Olaplex, a haircare brand that specializes in bond-building, revised its forecast for full-year sales downward to project 12-15% lower than its previous estimates. With this, professional channel sales declined 16% year-over-year vs. a 58% increase in the same quarter of last year, while 2.6% to $39.3 million, following an 87% increase last year. The brand also saw a key US DTC customer reduce orders to meet lower targeted levels of inventory.

As it seeks to address this, one of the company’s goals is to accelerate demand, CEO JuE Wong said on the company’s third quarter earnings call.

“In the U.S. we have relaunched our pro affiliate program, providing stylists with the ability to receive a commission on net sales when their customers buy Olaplex using an affiliate code at olaplex.com,” Wong said. “In our specialty retail channel, we are enhancing exposure with several of our key retail partners and introducing programs that are designed to drive trial and customer acquisitions.”

One of the ways it is doing this is by starting to participate in sampling for Buy Online Pickup in Store (BOPIS) at Sephora next year. Through this, 500,000 samples of the brand’s No. 3 Hair Perfector will be made available.

It will also be testing a new initiative with Ulta Beauty.

“At Ulta, we will be tapping into a 360 retail salon cross-shop strategy starting in January, providing our No. 3 sample with any Olaplex salon service,” Wong said. “When we tested this at another retailer with a salon presence, we saw nearly 100% conversion to full size, and hope to also see positive results at Ulta.”

At both retailers, a third-party field sales team that is trained by Olaplex will also be deployed into 75 of the top stores next year. The brand sees a big opportunity for growth in this area, Wong said.

“In the specialty retail channel, we have significant white space in penetration. In Sephora U.S., we believe approximately 12% of total Sephora shoppers purchase Olaplex, while a best-in-class brand across categories is closer to 20% to 25%. We have significant room to grow,” Wong said.

Grove Collaborative: Pharmacy and grocery store expansion

Home and personal care goods marketplace Grove Collaborative said net revenue declined 18% year-over-year in the third quarter, while total orders were down 26% year-over-year, and active customers were down 15% year-over-year. Meanwhile, DTC net revenue was up 7% year-over-year. The brand is in the midst of executing a plan to overhaul itself, which included a reduction of 18% of its corporate workforce as it sought to reduce operating expenses.
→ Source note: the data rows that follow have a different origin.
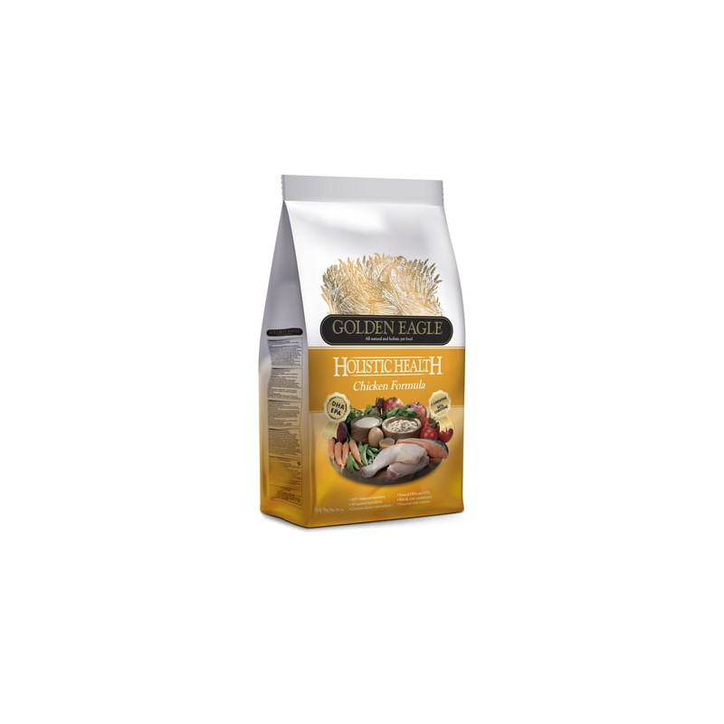 Golden Eagle Holistic Chicken Formula sopii aikuisille sekä aktiivisille koirille, ja sitä voidaan käyttää myös pieni- ja keskikokoisten rotujen pennuille kahdeksan viikon iästä alkaen.
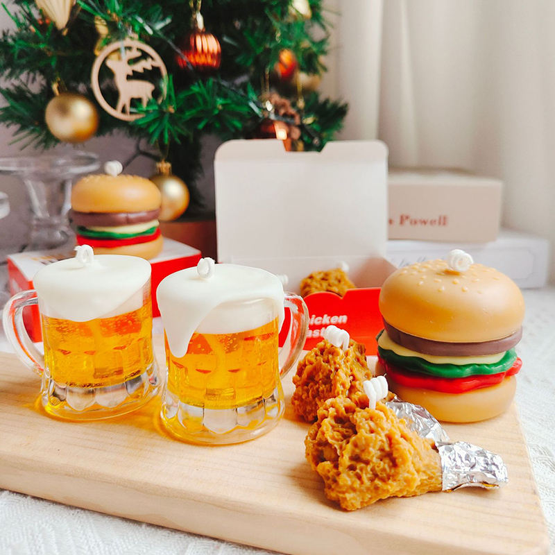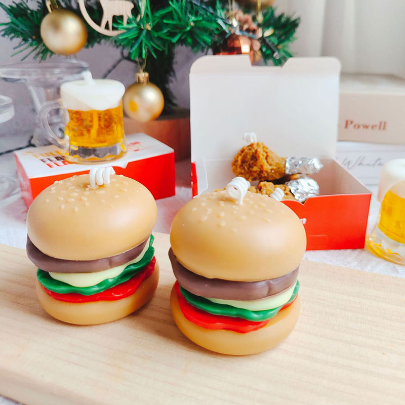 Handmade Food Shaped Soy Wax Scented Decor Candles Cute Creative Hamburger Fried Chicken Beer Party Holiday Gift Easter Xmas
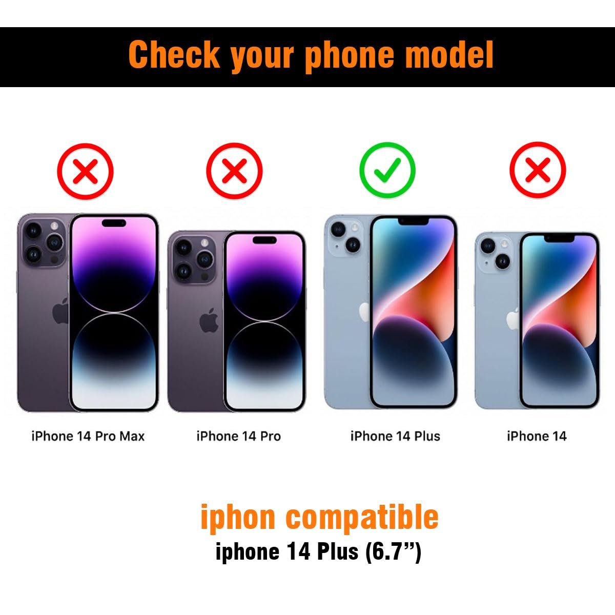 - Compatibility: Only complatible with Apple iPhone 14 Plus. Please confirm your model before Placing order.
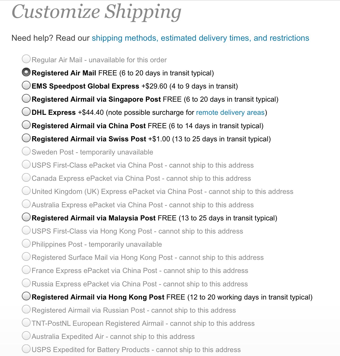 Die Lagergebühr wird erst ab dem 10. Tag der Lagerung fällig! Bei Fasttech kann man auch selbst wählen, mit welchem Versandunternehmen versendet werden soll (sofern es über 20$ ist)! Einfach auf "Show more Options" klicken beim BestellvorgangBPanther hat geschrieben:Das ist bisher das erste Mal, daß ich zum Zoll muß wg. Sendungen aus China. Denke eher, daß es was mit dem Postweg zu tun hat - oder schlicht nur Zufall dieses Mal. Werde ich aber bei der nächsten Sendung sehen, denn leider hat FT da wieder Malaysia gewählt...
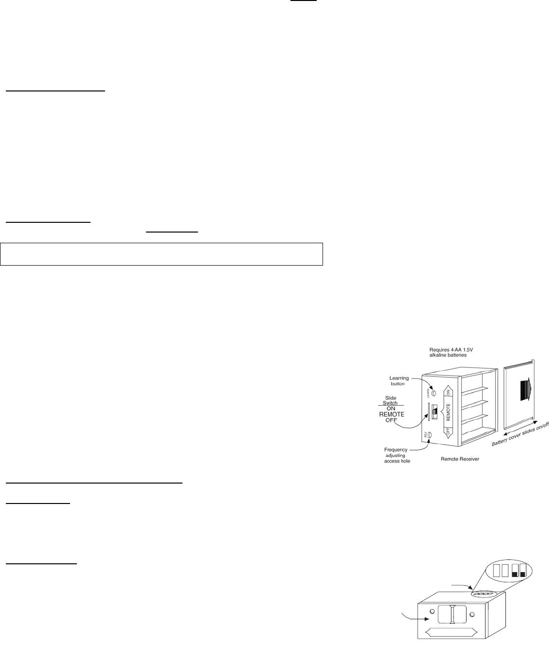 The remote receiver has a 3-position slide switch for selecting the MODE of operation: ON/REMOTE/OFF
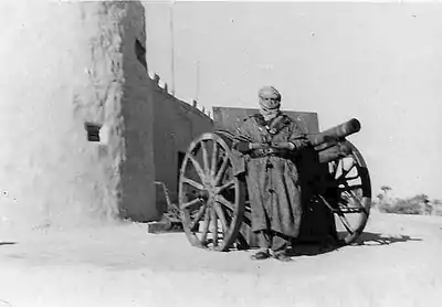 بنيت في عهد الطليان[6] سنة 1935, وأمام قلعة من الخارج مدفعين يعود تاريخهما إلى الحرب العالمية الأولى وبنوها لاجل مراقبة المدينة وذلك فعل الفرنسين بعد احتلال المدينة بعد خسارة إيطاليا الحرب العالمية الثانية أمام الحلفاء وتم تقسيم ليبيا ما بين ثلاثة دول استعماريةٍ، وكانت فرنسا من نصيبها فزان.
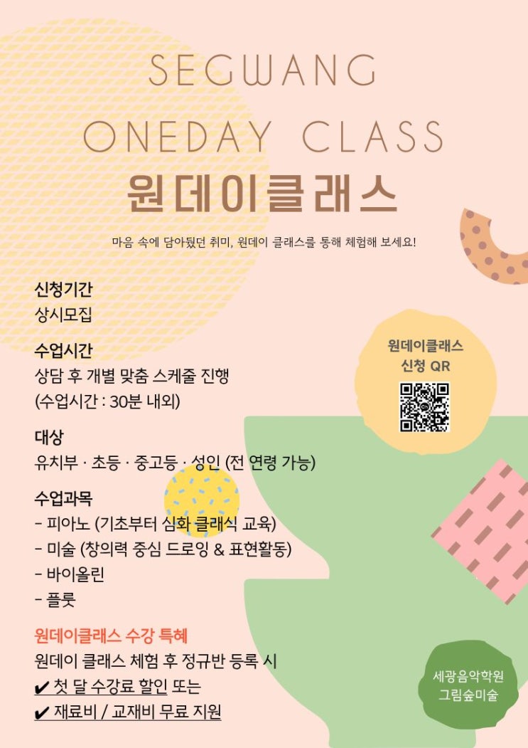 아이 첫 예체능 학원을 고민하시는 학부모님들께 부담 없이 시작해볼 수 있는 원데이클래스 체험 수업을 안내드립니다 :) 관악구 피아노학원, 미술학원, 음악학원을 찾으시는 분들께 아이의 성향과 수준을 먼저 확인하고 시작할 수 있는 좋은 기회입니다. 세광음악학원 & 그림숲미술에서는 기초를 탄탄히 다지는 수업과 함께 아이 스스로 이해하고 표현하는 힘을 키우는 교육을 진행하고 있습니다. 원데이클래스 모집 안내 ✔ 기간 : 상시모집! ✔ 시간 : 상담 후 개별 맞춤 스케줄 진행 ✔ 대상 : 유치부 · 초등 · 중고등 · 성인 수업 과목 - 피아노 (기초 · 클래식 중심 교육) - 미술 (창의력 중심 표현 수업) - 바이올린 / 플룻....... <img src="https://blogthumb.pstatic.net/MjAyNjA0MjJfMTI3/MDAxNzc2ODM5NjM1MTc3.llc_yUvb2BkB3UsHY5QCjbZQWtEvPWxU2RXLNDSbJdMg.7D6z71iS6Qa_2Ndu3GB4rAYOh5sJUlETX3ODf1cQi8kg.JPEG/%BF%F8%B5%A5%C0%CC%C5%AC%B7%A1%BD%BA%28%BB%F5%C7%D8%29.jpg?type=s3" />

While it sells a mix of brands on its marketplace, goods that are made and sold by Grove Collaborative made up 46.9% of revenue in the quarter. While it continues to hone its DTC platform, the products are also starting to appear in more physical retail stores. There’s an opportunity to meet demand there, as 90% of sales in personal care take place in-person, said CEO Stuart Landesberg.
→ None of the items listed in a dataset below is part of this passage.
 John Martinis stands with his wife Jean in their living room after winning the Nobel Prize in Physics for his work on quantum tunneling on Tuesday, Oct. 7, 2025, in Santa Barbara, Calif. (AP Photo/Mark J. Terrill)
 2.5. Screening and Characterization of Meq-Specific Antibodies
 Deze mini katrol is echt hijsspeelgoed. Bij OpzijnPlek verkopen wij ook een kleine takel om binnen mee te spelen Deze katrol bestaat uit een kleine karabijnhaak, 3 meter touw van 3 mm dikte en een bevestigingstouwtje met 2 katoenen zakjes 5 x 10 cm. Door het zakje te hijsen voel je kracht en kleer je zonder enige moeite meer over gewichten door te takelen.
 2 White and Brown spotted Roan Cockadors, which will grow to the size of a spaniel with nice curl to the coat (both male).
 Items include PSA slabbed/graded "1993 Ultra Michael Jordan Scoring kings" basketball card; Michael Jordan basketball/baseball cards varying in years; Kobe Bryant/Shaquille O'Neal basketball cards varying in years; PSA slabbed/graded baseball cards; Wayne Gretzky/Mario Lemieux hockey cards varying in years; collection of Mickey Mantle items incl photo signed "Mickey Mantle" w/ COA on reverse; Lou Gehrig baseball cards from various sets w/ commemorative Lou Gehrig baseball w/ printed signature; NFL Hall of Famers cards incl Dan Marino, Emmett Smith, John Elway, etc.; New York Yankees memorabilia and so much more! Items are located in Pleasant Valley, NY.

The company inked its first partnership with a drugstore, making its products available in 2,200 CVS stores. It also partnered with regional grocery chains Harris Teeter and H-E-B.

“We continue to generate strong interest in our brand with retail buyers, and we look forward to announcing additional partnerships as we are able,” Landesberg said. “We remain incredibly excited about this capital-efficient growth channel.”